© 2010 RJ Pae-White-Smoke-Knows-detail

Connecting to internals; Whitney Biennial 2010

It was a delight to see the drawings by Dawn Clements in the Whitney Biennial this year. Clement’s extenuated and rambling series of papers takes fragments of imagery that form together an interior and the entirety of the piece. Her fixation on Hollywood melodramas of the 40s and 50s becomes our fixation; in which the viewer watches as lens pans through a dimly lit room dappled in sunlight. The artist has taken the emotions, both within the film and within the viewer of the film, and cut a new reel. This is made doubly interesting by the work’s filmic inspiration; ‘My Reputation’ 1946. The drawing crawls across the wall as the visualisation builds. The line-work is slightly schizophrenic; here focusing and ruminating for a while; there lacing loosely over unknown matter. And all the while the paper accommodates as required. For me the work alluded to a poetry between motion(that provided by the camera and the actors), desire, subjectivism and vulnerability.

Many other works in the show failed to hold my attention. Perhaps this was due to a sense of dissociation, detachment and what I might describe as hollow affectation. Broadly speaking they felt lacking in any real personal content or emotionally honest response; deliberately so for various reasons. Stephanie Sinclair‘s photojournalism documenting female self-immolation was a shock, and an exception of course; a harrowing insight that is burned into my brain, and I’m sure everyone’s who has seen the work, and rightly so. The Whitney site has some great links discussing it further. I’ll touch on it enough to say that her work broaches various great divides, not least the divide between journalism and art.

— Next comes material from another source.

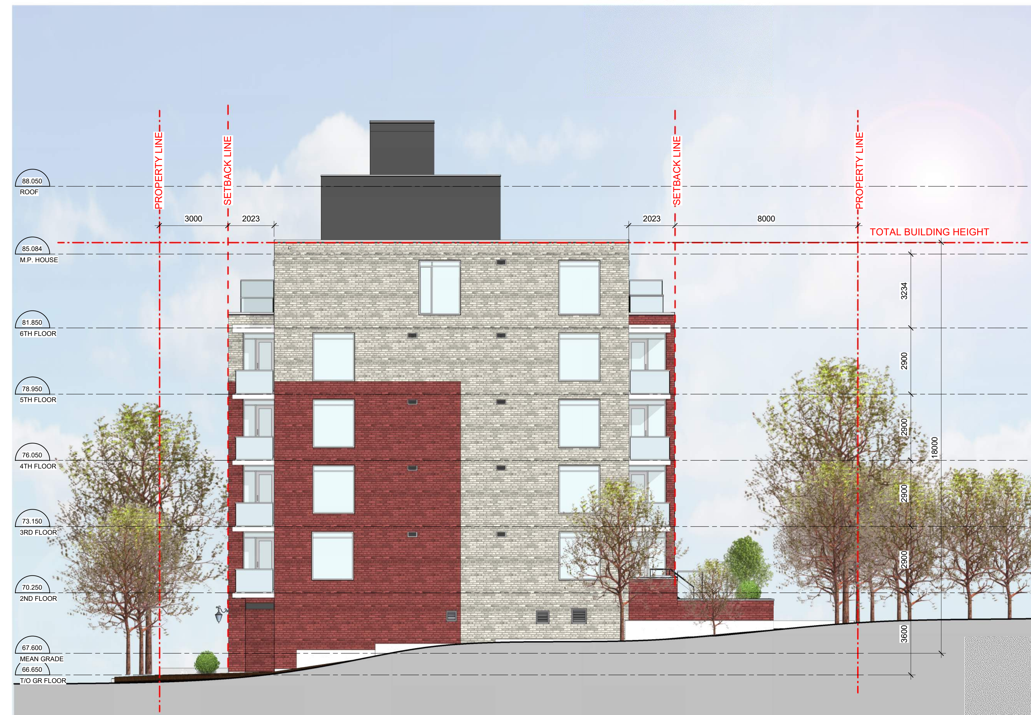
2 WEST ELEVATION. A 202 1:100

IT IS THE RESPONSIBILITY OF THE APPROPRIATE CONTRACTOR TO CHECK AND VERIFY ALL DIMENSIONS ON SITE AND TO REPORT ALL ERRORS AND/OR OMISSIONS TO THE ARCHITECT. ALL CONTRACTORS MUST COMPLY WITH ALL PERTINENT CODES AND BY-LAWS. THIS DRAWING MAY NOT BE USED FOR CONSTRUCTION UNTIL SIGNED BY THE ARCHITECT. DO NOT SCALE DRAWINGS. COPYRIGHT RESERVED.

Overall, and excluding the works I mention here, there is something in The Time’s estimation of the show; that it was “tweak-intensive …, abstraction’s old content — utopian ideals, personal expression — is squeezed out. What’s left? Décor? Expensive busywork? The catalog refers to such painting as “personal” modernism, though the opposite seems to be true. It’s plain old product, and proud.” And for those of us with a foot in the commercial world it left us wondering why? Why, when you have a chance to pour your guts out without a commercial reality staring you in the face, would you not take the opportunity to connect to internals, be raw and, above all, be at the least a little bit wild and brave. Alternatively we have yet another commodity here that is suffering from current economics.

Substance again, to bring up the rear, could be found in Pae White’s simple but delightful textile work of cotton tapestry (above) pretending to be smoke; “cotton’s dream of becoming something other than itself”.